High Dimensional Data Analysis


Modern high throughput technologies easily generate data on thousands of variables; e.g. health care data, genomics, chemometrics, environmental monitoring, web logs, movie ratings, … 

Conventional statistical methods are no longer suited for effectively analysing such high-dimensional data.  Multivariate statistical methods may be used, but for often the dimensionality of the data set is much larger than the number of (biological) samples. Modern advances in statistical data analyses allow for the appropriate analysis of such data.

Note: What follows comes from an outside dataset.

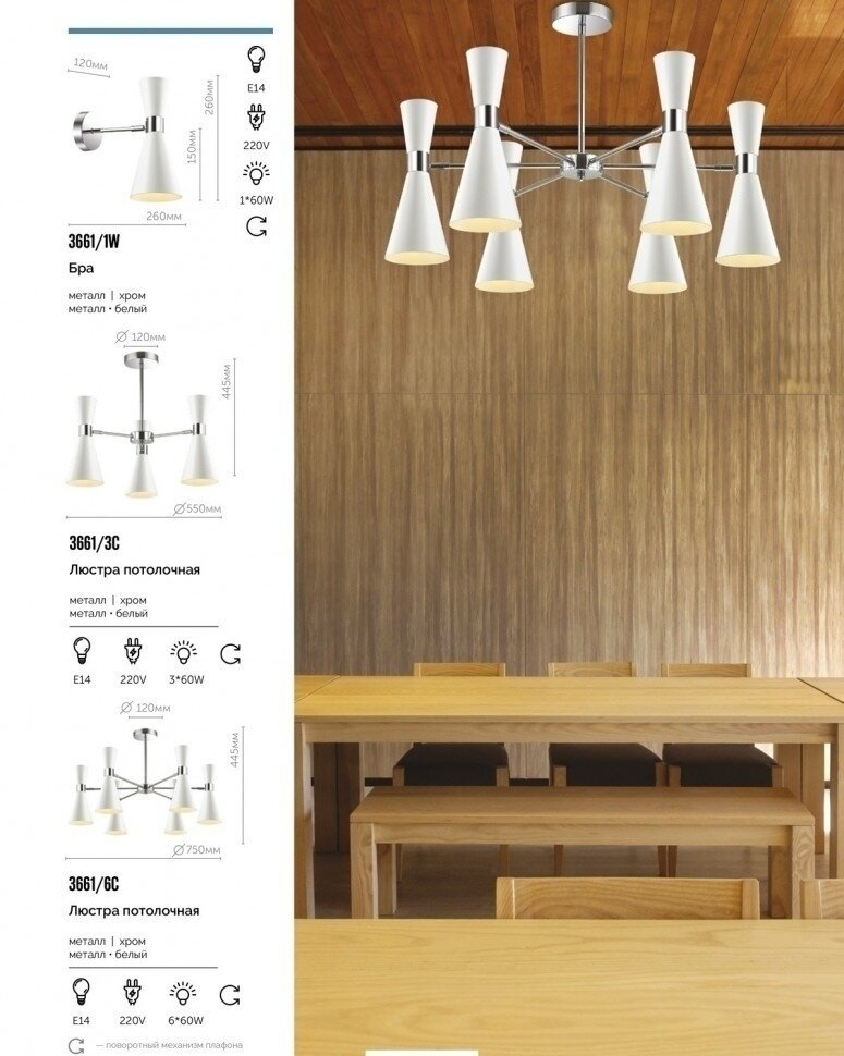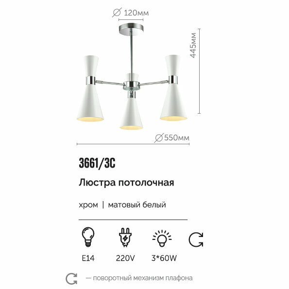 Люстра потолочная LUMION QUINN 3661/3C 3 лампы по 60 Вт, белого цвета, хром

Methods for the analysis of high dimensional data rely heavily on multivariate statistical methods. Therefore a large part of the course content is devoted to multivariate methods, but with a focus on high dimensional settings and issues.

Multivariate statistical analysis covers many methods. In this course a selection of techniques is covered based on our experience that they are frequently used in industry and research institutes.

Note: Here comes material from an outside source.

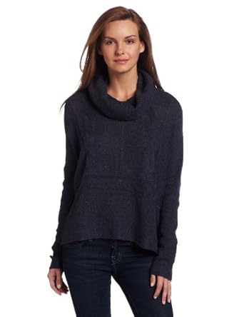 Multi stitch cowl neck cable sweater in a dark blue melange

The course is taught using case studies with applications from different fields (analytical chemistry, ecology, biotechnology, genomics, …).

  1. Dimension reduction: Singular Value Decomposition (SVD), Principal Component Analysis (PCA), Multidimensional Scaling (MDS) and biplots for dimension-reduced data visualisation
  2. Sparse SVD and sparse PCA 
  3. Prediction with high dimensional predictors: principal component regression; ridge, lasso and elastic net penalised regression methods 
  4. Classification (prediction of class membership): (penalised) logistic regression and linear discriminant analysis
  5. Evaluation of prediction models: sensitivity, specificity, ROC curves, mean squared error, cross validation
  6. Clustering
  7. Large scale hypotheses testing: FDR, FDR control methods, empirical Bayes (local) FDR control

  • Type of course: This is an on campus course.
  • Dates & times: February 7, 10, 14, 17, 21 and 24, 2022, from 5.30 pm to 9.30 pm
  • Venue: UGent, Faculty of Sciences, Campus Sterre, Krijgslaan 281, building S9, 9000 Gent
  • Target audience: This course targets professionals and investigators from all areas that are high-dimensional.
  • Exam/certificate: Participants who attend all classes receive a certificate of attendance via e-mail at the end of the course. Additionally, participants can, if they wish, take part in an exam. Upon succeeding in this test a certificate from Ghent University will be issued. The exam consists of a take home project assignment. Students are required to write a report by a set deadline.
  • Course prerequisites: Ready at hand knowledge of basic statistics: data exploration and descriptive statistics, statistical modeling, and inference: linear models, confidence intervals, t-tests, F-tests, anova, chi-squared test, such as covered in Module 2 - Drawing Conclusions from Data: an Introduction , Module 5 - Exploiting Sources of Variation in your Data: the ANOVA Approach and Module 12 - Explaining and Predicting Outcomes with Linear Regression of this year's course program.
  • Funding: => Our academy is recognised as a service provider for the 'KMO-portefeuille'. In this way small and middle sized businesses located in the Flanders region can save up to 30% on the registration fee for our courses. You can request this subsidy via www.kmo-portefeuille.be up until 14 calender days after the course has started. => UGent PhD students can apply for a full refund from their Doctoral School.
  • Reduction: => If two or more employees from the same company enrol simultaneously for this course a reduction of 20% on the module price is taken into account starting from the second enrolment => Reduced prices apply to coworkers in governmental institutions, non-profit organisations and higher eduction as well as for students and the unemployed.